Safeguarding Corporate Compliance Programs During the COVID-19 Crisis

by Kara Brockmeyer, Andrew M. Levine and Philip Rohlik

COVID-19 has altered life for billions, including how companies interact with their employees, business partners, and regulators. Some changes will reverse as the pandemic ebbs or the virus becomes treatable. Others likely will remain for an extended period of time or even become permanent.

No matter the exact course of the coming months, disruptions from COVID-19 already have had a significant impact on corporate compliance functions, internal investigations, and government enforcement. These disruptions will continue to evolve, affecting companies in differing ways and leaving an unmistakable imprint on the compliance landscape.

Although resources and international travel are likely to be constrained for some time, companies still can take meaningful steps to mitigate their compliance risks. In the short term, employees working remotely can address many of the compliance issues that routinely arise, including by leveraging videoconferencing and other technologies. To do so effectively requires an intense focus on identifying shifting compliance risks, purposefully allocating and coordinating compliance resources, and consistently messaging that compliance remains critical. As local travel within jurisdictions resumes, smart planning and the efficient use of resources can mitigate some disruptions to compliance programs.

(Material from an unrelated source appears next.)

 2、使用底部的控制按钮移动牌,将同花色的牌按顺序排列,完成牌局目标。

At the same time, counsel and compliance professionals should recognize that some tasks are best left until a return to relative normalcy.

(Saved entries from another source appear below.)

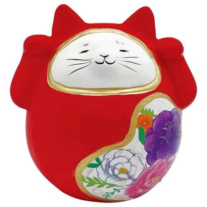 日本 貓雜貨 花柄招財貓達摩
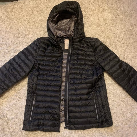 Reset naisten toppatakki, koko L. Väri beige. Kevyesti topattu untuvatakki, jossa vaakatikkaus. Polveen saakka-malli, jossa kiinteä huppu ja täyspitkä vetoketju edessä. Kaksi vetoketjullista sivutaskua.
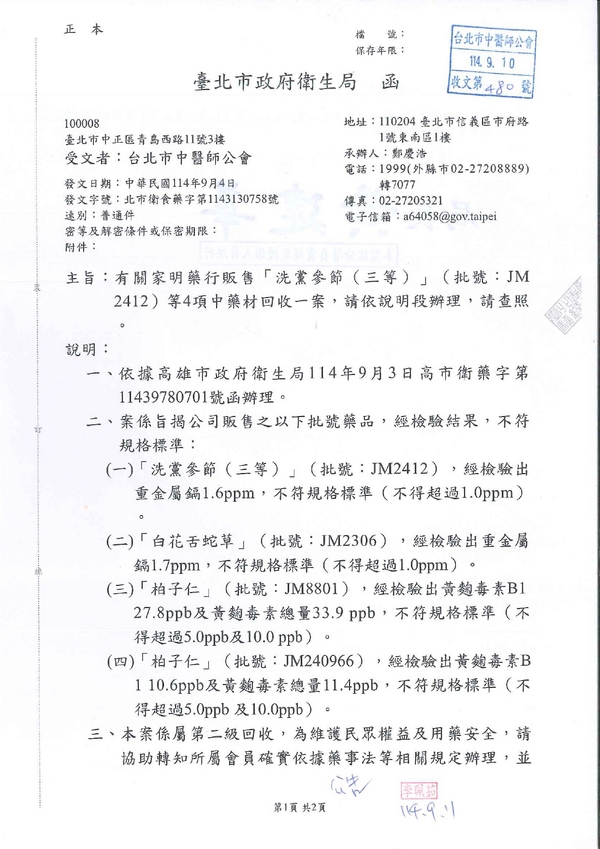 | 台北市中醫師公會 官網:http://www.tpcma.org.tw 地址:台北市中正區青島西路11號3樓 E-mail:tp.cma@msa.hinet.net 電話:(02)2314-3456(代表號) 傳真:(02)2314-8181 |

Given the importance of maintaining a robust compliance program, we offer ten strategies for doing so at this trying time.

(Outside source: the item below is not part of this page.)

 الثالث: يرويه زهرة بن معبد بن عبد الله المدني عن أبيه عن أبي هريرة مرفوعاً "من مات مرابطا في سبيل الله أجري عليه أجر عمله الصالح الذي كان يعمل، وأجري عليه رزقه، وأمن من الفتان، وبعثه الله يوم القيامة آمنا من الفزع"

1. Review Risk Assessments and Adjust Controls Accordingly

As reflected in DOJ’s recent guidance on evaluating corporate compliance programs, an effective compliance program rests in significant part on a sound risk assessment. [1] Unexpected as it has been, COVID-19 has radically changed the global marketplace, upsetting many assumptions that underlie such risk assessments.

The pandemic has sufficiently disrupted the economy that prior risk assessments now need to be reconsidered and updated as soon as possible, with associated adjustments to relevant internal controls being planned or implemented as soon as practicable. For example:

  • Suppliers and customers: As supply chains and markets shrink, suppliers are likely to increase the prices they charge, and customers are likely to request discounts. Such shifts may expose companies to bribery risks previously viewed as less acute, involving both governmental and commercial counterparties. These risks may be even more severe in particular industries, such as healthcare. Companies should be wary of and reject approaches by individual employees of counterparties, especially state-owned companies, that may constitute requests for improper benefits.
  • Natural resources and raw materials: As governments seek to assert more control over certain supplies, the role of state-owned enterprises likely will increase in supply chains, especially regarding natural resources (for example, rubber used to produce gloves and other personal protective equipment). More companies therefore may find themselves dealing with “foreign official” counterparties and potentially being pressured to pay bribes.
  • Logistics and import/export considerations: Moving goods internationally is typically a high-risk endeavor, involving numerous entities and individuals with the power to create delays. The pandemic is likely to reduce this risk in some circumstances, particularly with regard to importing healthcare-related supplies and other in-demand finished products. But export restrictions and the reduction in global freight are likely to increase risks involving exports and imports of primary materials. The enormous contraction of civil aviation also has eliminated a significant amount of logistics capacity, increasing the risk of demands for bribes at more traditional ports of entry.
  • Receipt of governmental funds: The scale of government programs and the vast amounts being spent in response to the pandemic likewise increase the potential for fraud and abuse. In addition to the FCPA, there are other anti-corruption statutes in the United States, including 18 U.S.C. § 666, which prohibits “theft or bribery concerning programs receiving federal funds.” This statute was used alongside the FCPA in prosecuting Ng Lap Seng in 2018, in which the United Nations was considered a program receiving federal funds. [2] Given the massive expenditure of governmental funds (domestically and internationally) to combat COVID-19, numerous commercial organizations less accustomed to receiving such funds could find themselves subjected to scrutiny under this and similar laws.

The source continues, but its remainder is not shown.